(Data excerpts)
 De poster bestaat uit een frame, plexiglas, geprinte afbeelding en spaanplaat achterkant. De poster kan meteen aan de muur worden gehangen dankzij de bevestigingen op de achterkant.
(End Data excerpts)
(Data excerpts)
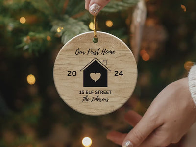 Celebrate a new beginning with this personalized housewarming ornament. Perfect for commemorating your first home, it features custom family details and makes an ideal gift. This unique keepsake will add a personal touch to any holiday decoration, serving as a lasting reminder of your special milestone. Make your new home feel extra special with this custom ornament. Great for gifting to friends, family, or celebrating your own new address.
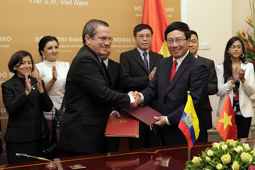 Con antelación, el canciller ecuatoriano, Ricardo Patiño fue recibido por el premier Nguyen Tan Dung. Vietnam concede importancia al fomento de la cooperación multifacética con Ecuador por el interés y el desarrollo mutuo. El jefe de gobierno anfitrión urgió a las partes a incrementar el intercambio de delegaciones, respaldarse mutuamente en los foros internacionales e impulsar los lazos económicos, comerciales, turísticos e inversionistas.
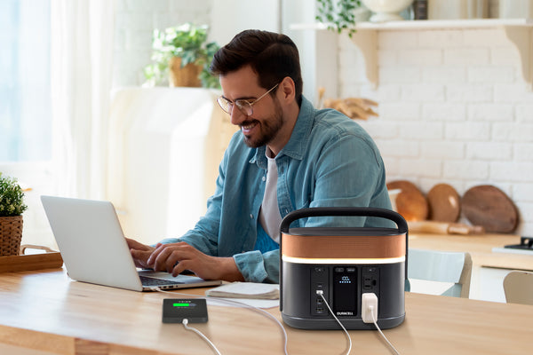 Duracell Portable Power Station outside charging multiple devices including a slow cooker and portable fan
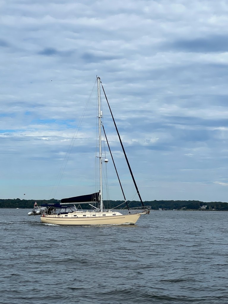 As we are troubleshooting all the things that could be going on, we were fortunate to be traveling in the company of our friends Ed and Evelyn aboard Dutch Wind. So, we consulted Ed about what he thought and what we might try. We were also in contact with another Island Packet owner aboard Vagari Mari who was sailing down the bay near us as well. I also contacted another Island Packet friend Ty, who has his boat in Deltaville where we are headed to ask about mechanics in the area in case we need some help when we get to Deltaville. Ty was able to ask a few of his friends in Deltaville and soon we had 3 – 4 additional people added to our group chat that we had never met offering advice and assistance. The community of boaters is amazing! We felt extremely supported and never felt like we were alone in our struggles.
(End Data excerpts)
(Data excerpts)
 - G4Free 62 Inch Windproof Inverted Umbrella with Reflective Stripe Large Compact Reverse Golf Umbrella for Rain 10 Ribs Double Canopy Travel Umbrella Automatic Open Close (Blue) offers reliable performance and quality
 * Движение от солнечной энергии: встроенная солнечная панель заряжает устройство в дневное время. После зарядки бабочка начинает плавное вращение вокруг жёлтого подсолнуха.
(End Data excerpts)
== Task brief ==
What you return from the records above should be exactly everything from the line with "Celebrate a new" down to the line with "Duracell Portable Power", both kept, and no pictures.

== Task response ==
 Celebrate a new beginning with this personalized housewarming ornament. Perfect for commemorating your first home, it features custom family details and makes an ideal gift. This unique keepsake will add a personal touch to any holiday decoration, serving as a lasting reminder of your special milestone. Make your new home feel extra special with this custom ornament. Great for gifting to friends, family, or celebrating your own new address.
 Con antelación, el canciller ecuatoriano, Ricardo Patiño fue recibido por el premier Nguyen Tan Dung. Vietnam concede importancia al fomento de la cooperación multifacética con Ecuador por el interés y el desarrollo mutuo. El jefe de gobierno anfitrión urgió a las partes a incrementar el intercambio de delegaciones, respaldarse mutuamente en los foros internacionales e impulsar los lazos económicos, comerciales, turísticos e inversionistas.
 Duracell Portable Power Station outside charging multiple devices including a slow cooker and portable fan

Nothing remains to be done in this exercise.